The impact of the stereotactic radiosurgery (SRS) prescription dose (PD) on local progression and radiation necrosis for small (≤ 2 cm) brain metastases was evaluated.

METHODS

An institutional review board–approved retrospective review was performed on 896 patients with brain metastases ≤ 2 cm (3034 tumors) who were treated with 1229 SRS procedures between 2000 and 2012. Local progression and/or radiation necrosis were the primary end points. Each tumor was followed from the date of radiosurgery until one of the end points was reached or the last MRI follow-up. Various criteria were used to differentiate tumor progression and radiation necrosis, including the evaluation of serial MRIs, cerebral blood volume on perfusion MR, FDG-PET scans, and, in some cases, surgical pathology. The median radiographic follow-up per lesion was 6.2 months.

RESULTS

The median patient age was 56 years, and 56% of the patients were female. The most common primary pathology was non–small cell lung cancer (44%), followed by breast cancer (19%), renal cell carcinoma (14%), melanoma (11%), and small cell lung cancer (5%).
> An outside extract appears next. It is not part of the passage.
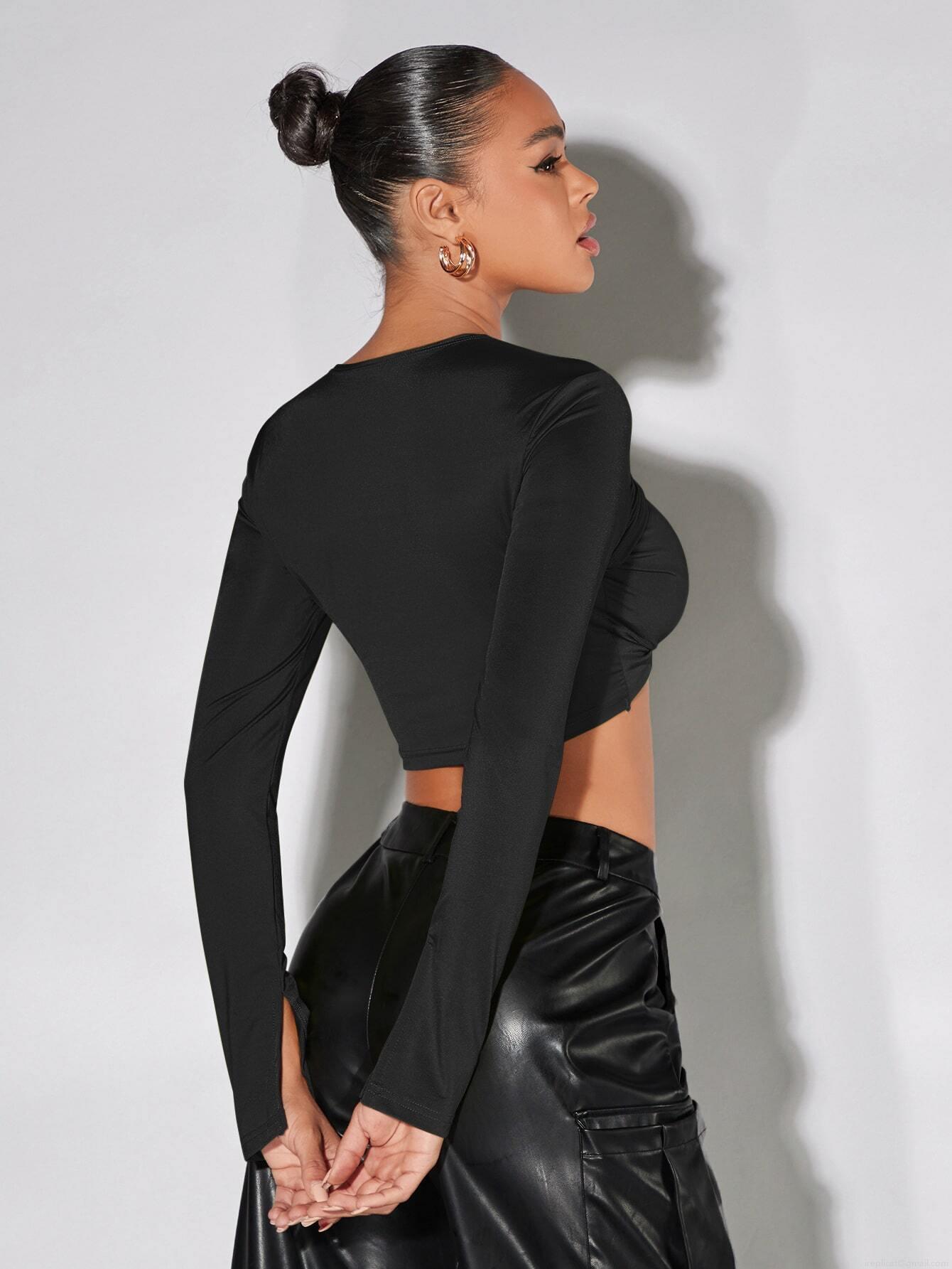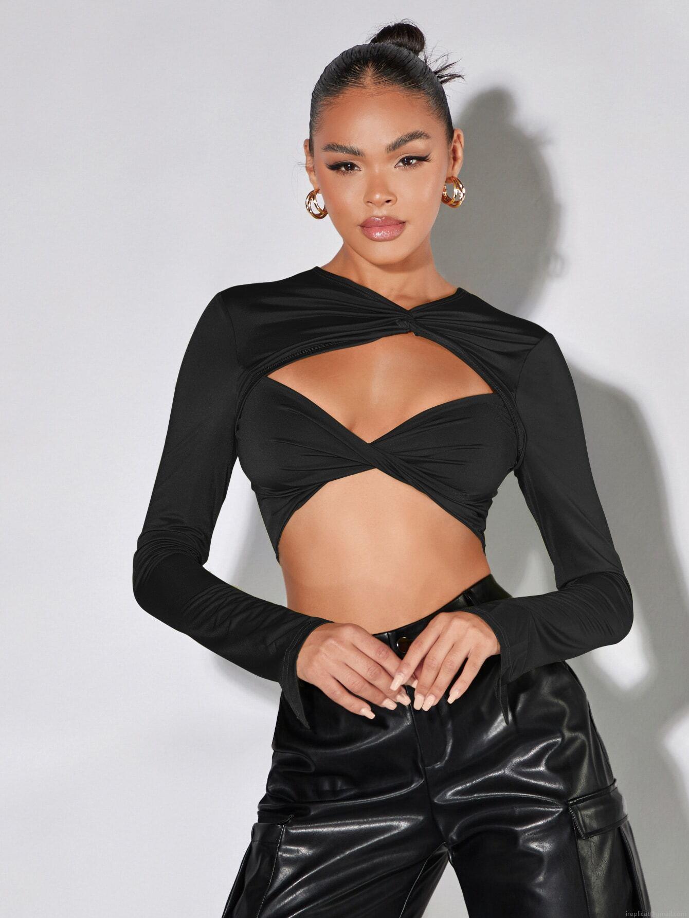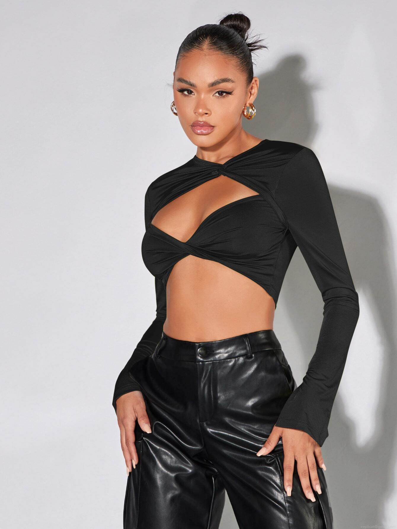 • Women's Sexy Hollow Out Twist Front Long Sleeve Crop Top Slim Fit Solid Color Polyester Rib Knit T-Shirt For Streetwear Party Clubwear Autumn

The median tumor volume and median largest diameter were 0.16 cm3 and 0.8 cm, respectively. In total, 1018 lesions (34%) were larger than 1 cm in maximum diameter. The PD for 2410 tumors (80%) was 24 Gy, for 408 tumors (13%) it was 19 to 23 Gy, and for 216 tumors (7%) it was 15 to 18 Gy. In total, 87 patients (10%) had local progression of 104 tumors (3%), and 148 patients (17%) had at least radiographic evidence of radiation necrosis involving 199 tumors (7%; 4% were symptomatic). Univariate and multivariate analyses were performed for local progression and radiation necrosis. For local progression, tumors less than 1 cm (subhazard ratio [SHR] 2.32; p < 0.001), PD of 24 Gy (SHR 1.84; p = 0.01), and additional whole-brain radiation therapy (SHR 2.53; p = 0.001) were independently associated with better outcome. For the development of radiographic radiation necrosis, independent prognostic factors included size greater than 1 cm (SHR 2.13; p < 0.001), location in the corpus callosum (SHR 5.72; p < 0.001), and uncommon pathologies (SHR 1.65; p = 0.05). Size (SHR 4.78; p < 0.001) and location (SHR 7.62; p < 0.001)—but not uncommon pathologies—were independent prognostic factors for the subgroup with symptomatic radiation necrosis.

CONCLUSIONS

A PD of 24 Gy results in significantly better local control of metastases measuring < 2 cm than lower doses. In addition, tumor size is an independent prognostic factor for both local progression and radiation necrosis. Some tumor pathologies and locations may also contribute to an increased risk of radiation necrosis.

ABBREVIATIONS

KPS = Karnofsky Performance Scale; MTD = maximum tolerated dose; PD = prescription dose; RTOG = Radiation Therapy Oncology Group; SHR = subhazard ratio; SRS = stereotactic radiosurgery; WBRT = whole-brain radiation therapy.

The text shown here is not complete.